I want my money back. It's not that the whole thing was bad, just defective. And
wasteful. All that life, just dribbled away with almost nothing to show for it. Sure, I screwed up and
learned and lived and grew and all that jazz, but it took too long. All of those learning experiences took an inordinate amount of time--
more than their fair share, if you ask me.
I wouldn't be fooling anyone if I said that I've gotten
truly old now, but I am old enough now to understand at least a little of what it means to have wasted your time. Time is
insane. It's the only thing in life with no chance of a return policy, and the only thing that ever gives me
buyer's remorse. Caveat emptor, indeed. My time needs to come with a warranty. I don't make very thoughtful purchases, as a rule.
Seriously though, you spend
the first quarter of your life unconcerned with time-- I did, anyways. Every opportunity that passes is something that you can always do later. Anything you miss out on the age-bracket for in the early days probably
isn't really all that exciting anyways.
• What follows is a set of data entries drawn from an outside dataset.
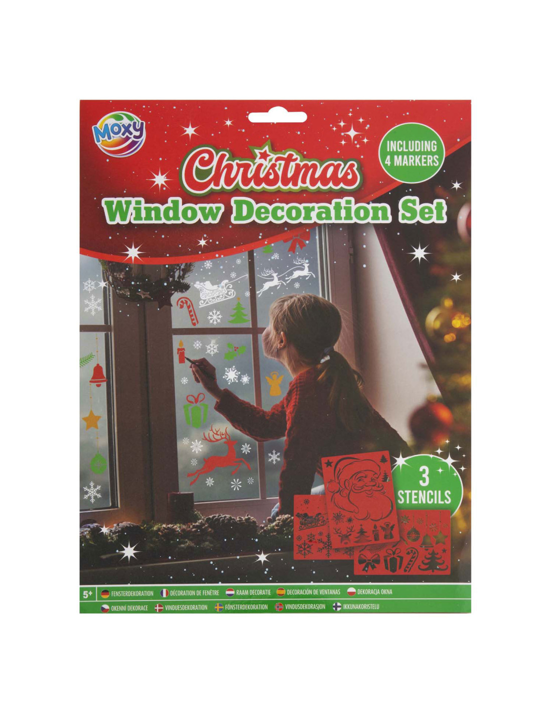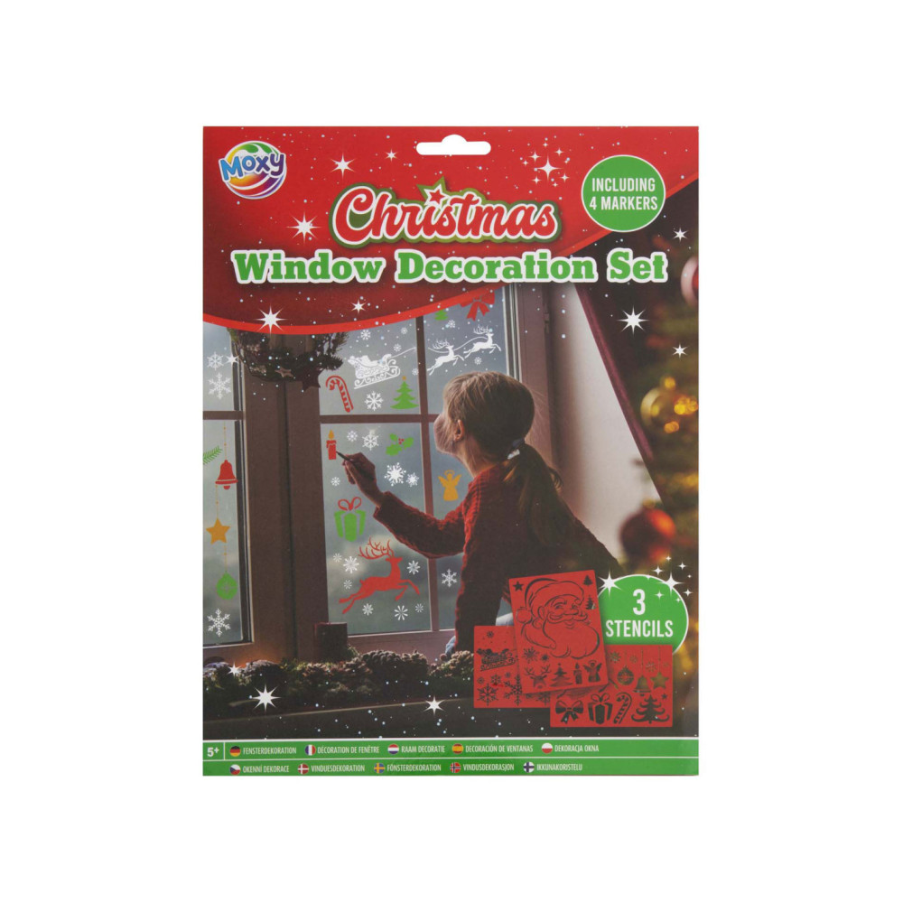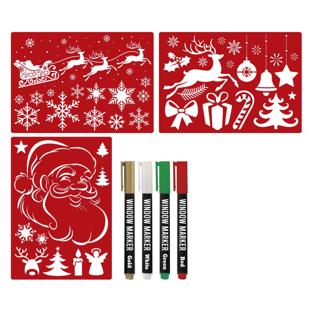 Kerstmis raamdecoratie set. Inclusief 3 vellen met sjablonen en 4 stiften. Geschikt voor kinderen vanaf 5 jaar.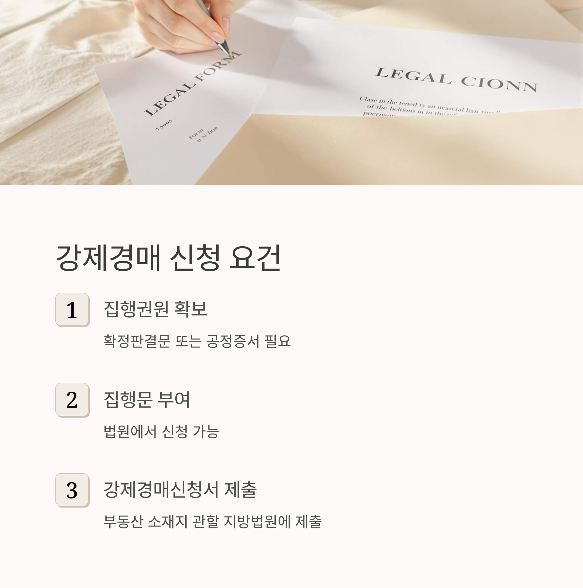 - 필요 서류 첨부: 신청서에는 집행권원의 정본, 부동산 등기사항증명서 등을 첨부해야 합니다.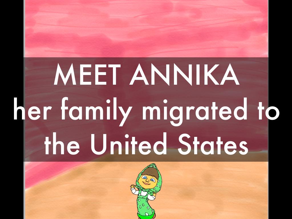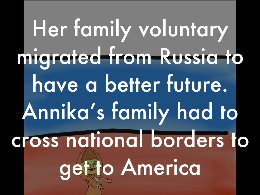 Her family voluntary migrated from Russia to have a better future. Annika’s family had to cross national borders to get to America

Then you leave high school and move on to college, or work or
whatever, and it all starts piling on. The options come pouring in, the opportunities fly into your face-- and you don't generally realize until a few years later that they were
one-time offers. That option paralysis seems so self-sustaining.
I'm being
morbid. I know it, but it seems worth reflecting on for a moment. There's a reason this is one of the world's
tritest sentiments-- mostly among the over-forty sets, granted, but I like to get a head-start-- there's a lot of truth to it.
It is a tacitly understood and mutually ignored fact that all of the emotions and ideas that
we over-intellectual types dismiss as trite are only so tired because they are wholly universal.
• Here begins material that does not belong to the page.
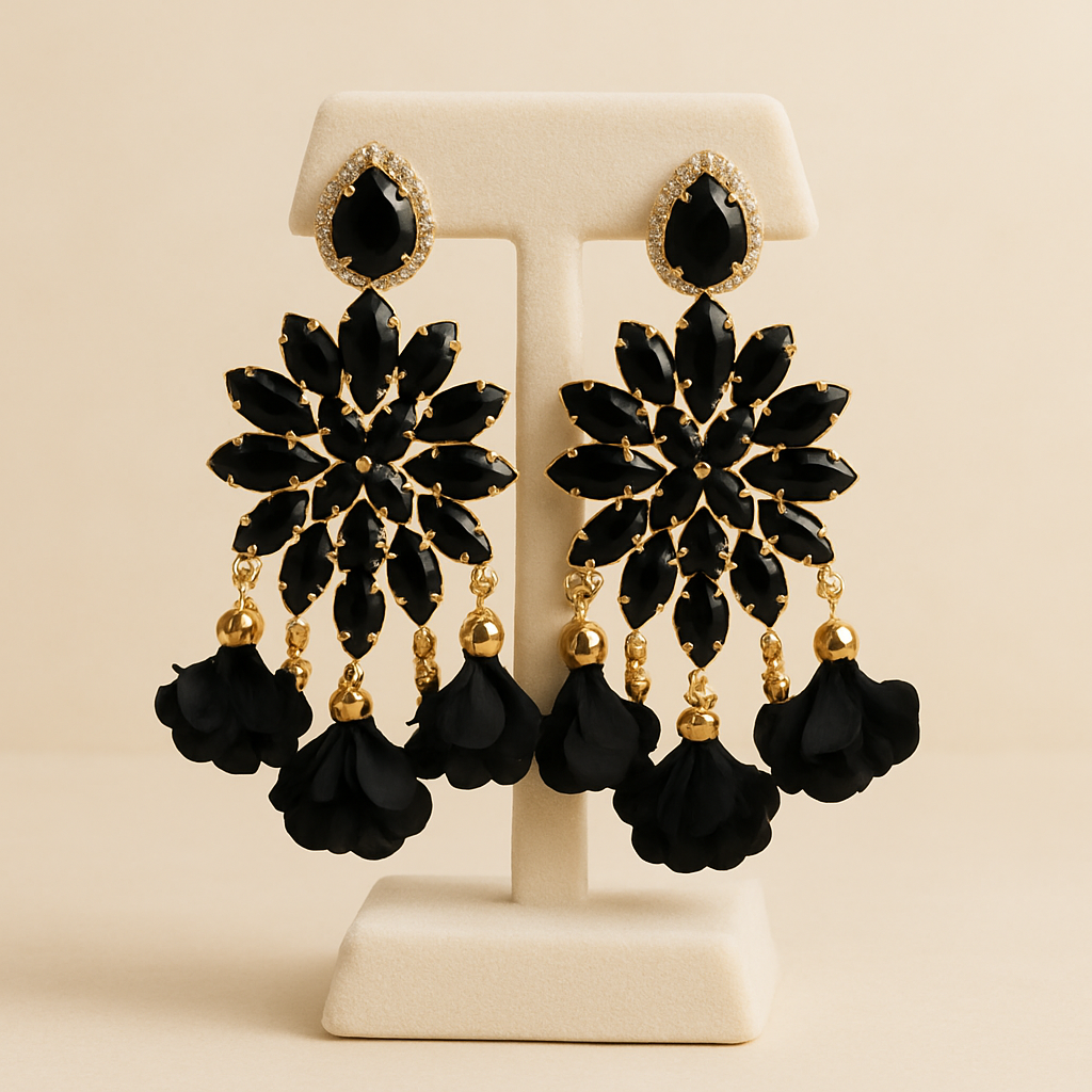 Dramatic black petals meet golden accents in a bold floral design. Finished with delicate black tassel blooms, these statement earrings whisper mystery and sophistication, perfect for the woman who owns the night.

Love is cruel, life is hard, and
death comes quickly. They are ugly, brutish, blunt truths with very little art or cleverness to them, but they are true. True and lamentable.
Perhaps the reason that talking about these things is so
socially indiscreet is precisely because they are so universal. Why bother saying anything--you're only preaching to the choir, and the choir doesn't want to hear anymore of your
spurned love poetry (it is the lowest form of art, after all). But that doesn't really explain the animosity, the moral superiority, we feel when we read or hear or see these things. Maybe it's just that whole
"through a glass darkly" thing. Or maybe I should just speak for myself.
I digress.
Time. I want mine back-- I've done very little with it lately. I'm not unhappy, but I'm not satisfied either. I love
Austin. I love my friends. But I need something more. Something I should have bought with this wasted year. Trouble is, even if I had it to do over again, even if they gave me that refund-- I'm still not sure how I'd spend it.